Source material >>
******************************

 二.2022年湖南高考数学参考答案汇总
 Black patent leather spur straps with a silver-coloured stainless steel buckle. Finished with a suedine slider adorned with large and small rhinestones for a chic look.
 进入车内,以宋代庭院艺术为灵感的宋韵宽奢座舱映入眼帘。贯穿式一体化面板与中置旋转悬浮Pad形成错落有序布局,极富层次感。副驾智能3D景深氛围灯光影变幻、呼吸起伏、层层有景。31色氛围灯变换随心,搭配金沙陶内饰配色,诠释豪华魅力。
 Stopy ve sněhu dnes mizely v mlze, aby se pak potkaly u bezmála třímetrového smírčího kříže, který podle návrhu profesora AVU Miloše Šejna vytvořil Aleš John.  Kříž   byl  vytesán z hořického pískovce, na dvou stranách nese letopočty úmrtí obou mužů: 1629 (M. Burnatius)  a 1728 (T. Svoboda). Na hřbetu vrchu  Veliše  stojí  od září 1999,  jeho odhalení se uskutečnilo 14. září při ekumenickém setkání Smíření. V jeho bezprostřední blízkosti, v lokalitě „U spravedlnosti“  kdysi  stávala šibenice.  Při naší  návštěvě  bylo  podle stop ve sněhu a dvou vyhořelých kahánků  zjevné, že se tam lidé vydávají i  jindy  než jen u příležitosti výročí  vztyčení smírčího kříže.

******************************

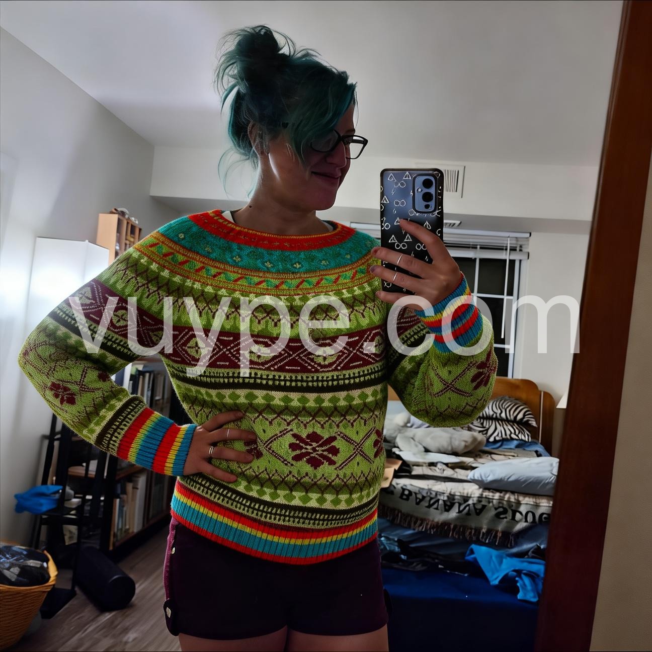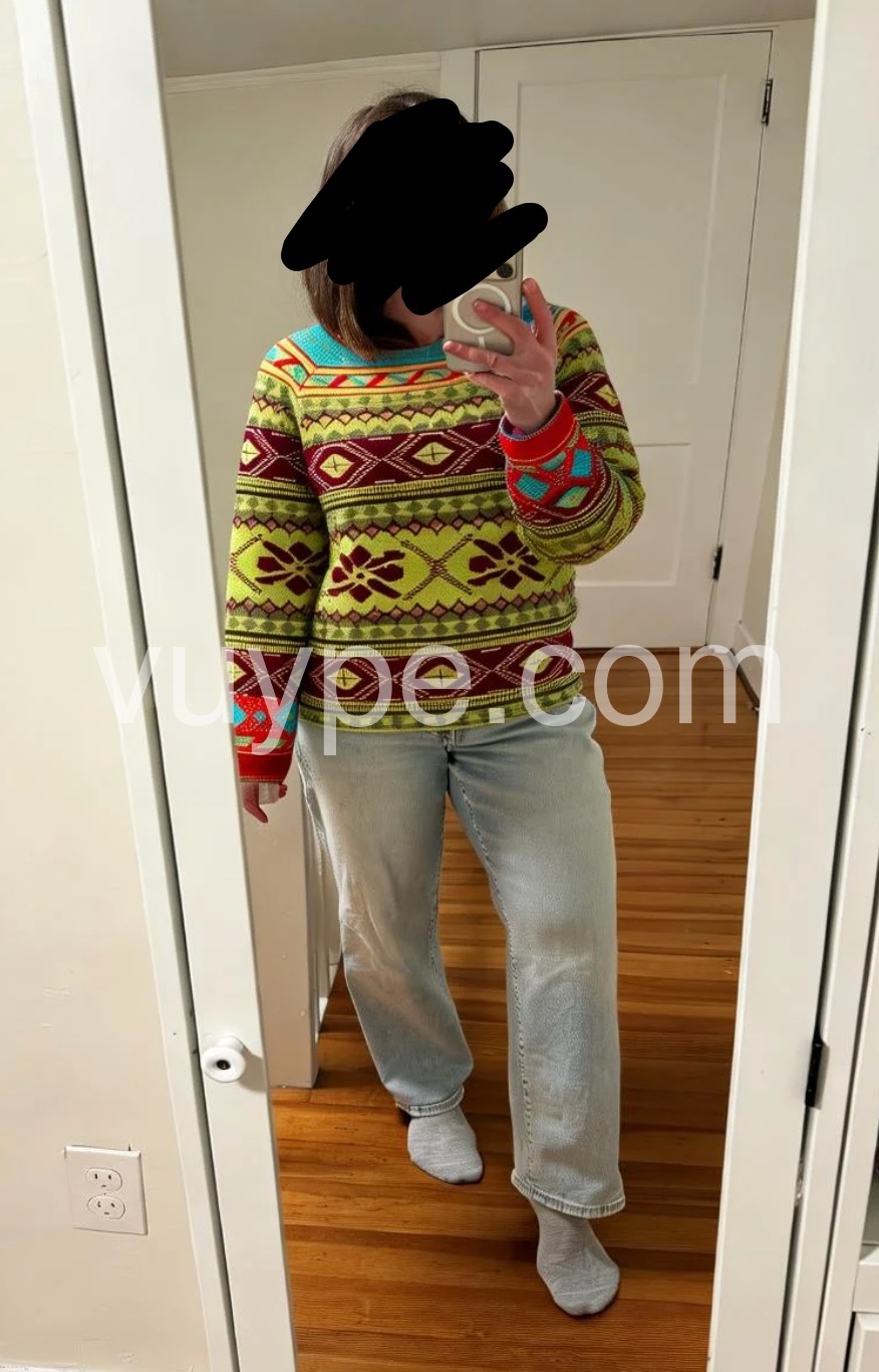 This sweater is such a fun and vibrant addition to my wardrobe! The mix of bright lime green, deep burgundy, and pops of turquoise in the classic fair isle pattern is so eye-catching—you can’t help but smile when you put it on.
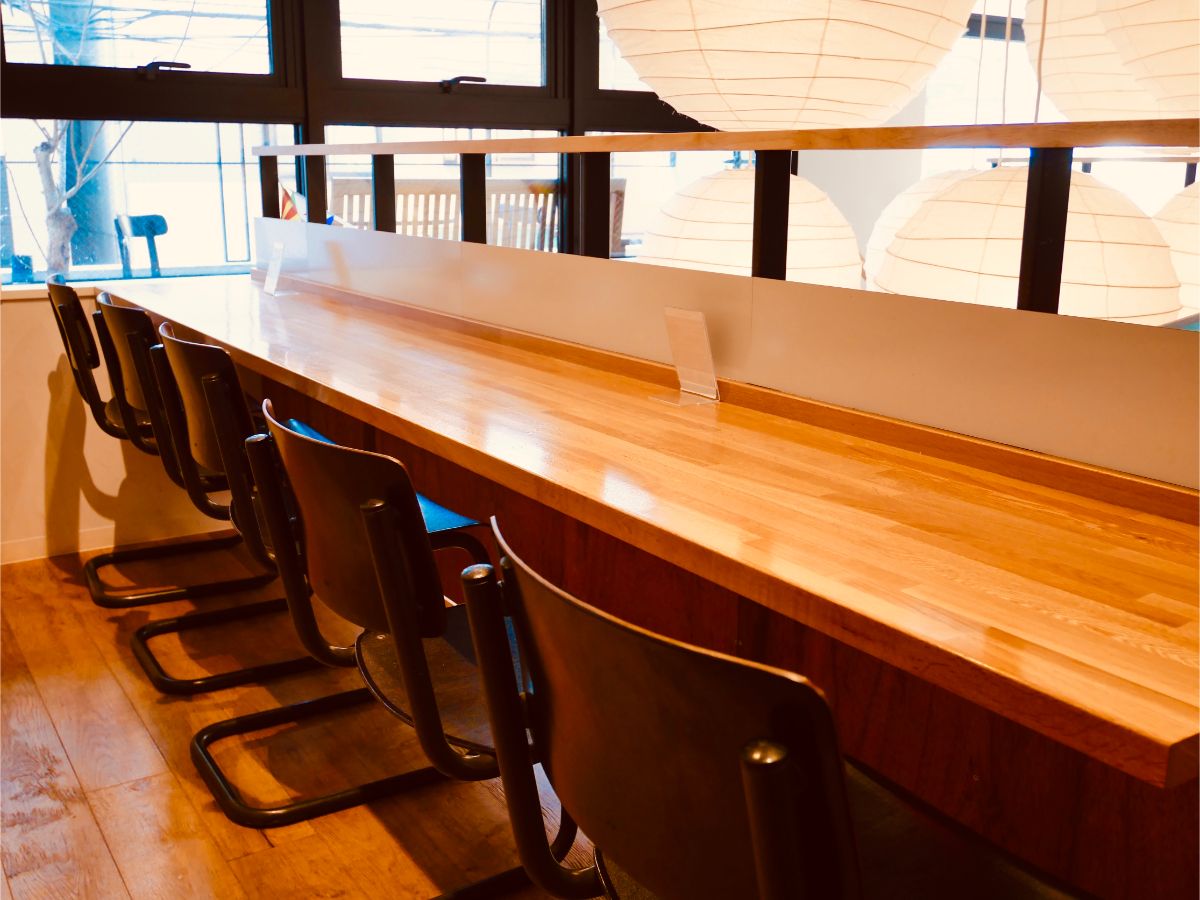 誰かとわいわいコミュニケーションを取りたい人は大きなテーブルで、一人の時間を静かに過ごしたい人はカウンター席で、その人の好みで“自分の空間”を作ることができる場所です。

******************************

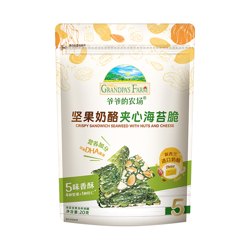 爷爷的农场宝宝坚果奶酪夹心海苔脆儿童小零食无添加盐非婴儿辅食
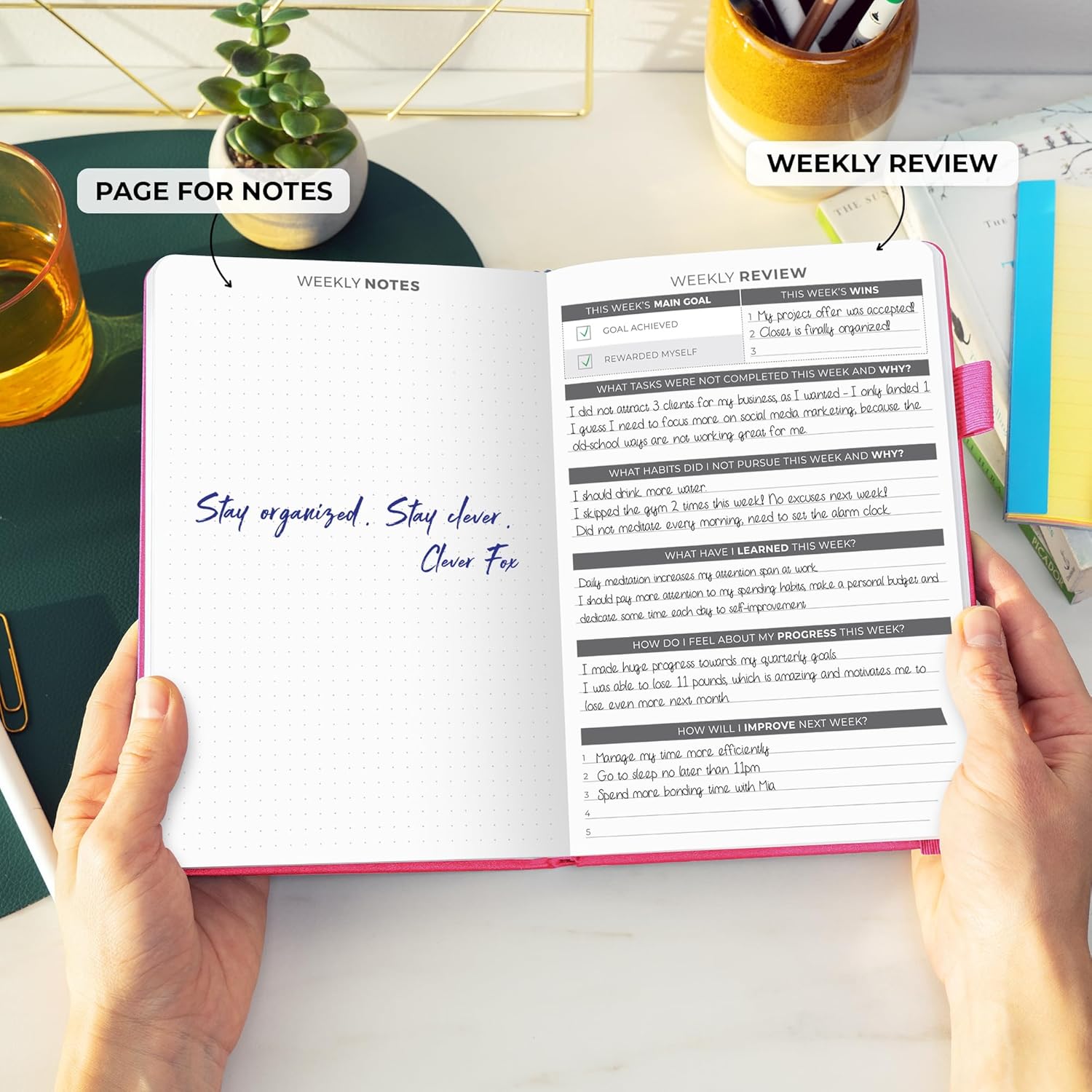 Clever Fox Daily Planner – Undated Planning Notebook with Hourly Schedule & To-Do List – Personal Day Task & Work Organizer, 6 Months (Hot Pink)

******************************

Task objective >>
Copy out the range of lines above starting at the line with "二.2022年湖南高考数学参考答案汇总" and ending at the line with "Black patent leather", exactly and including both.

Reply >>
 二.2022年湖南高考数学参考答案汇总
 Black patent leather spur straps with a silver-coloured stainless steel buckle. Finished with a suedine slider adorned with large and small rhinestones for a chic look.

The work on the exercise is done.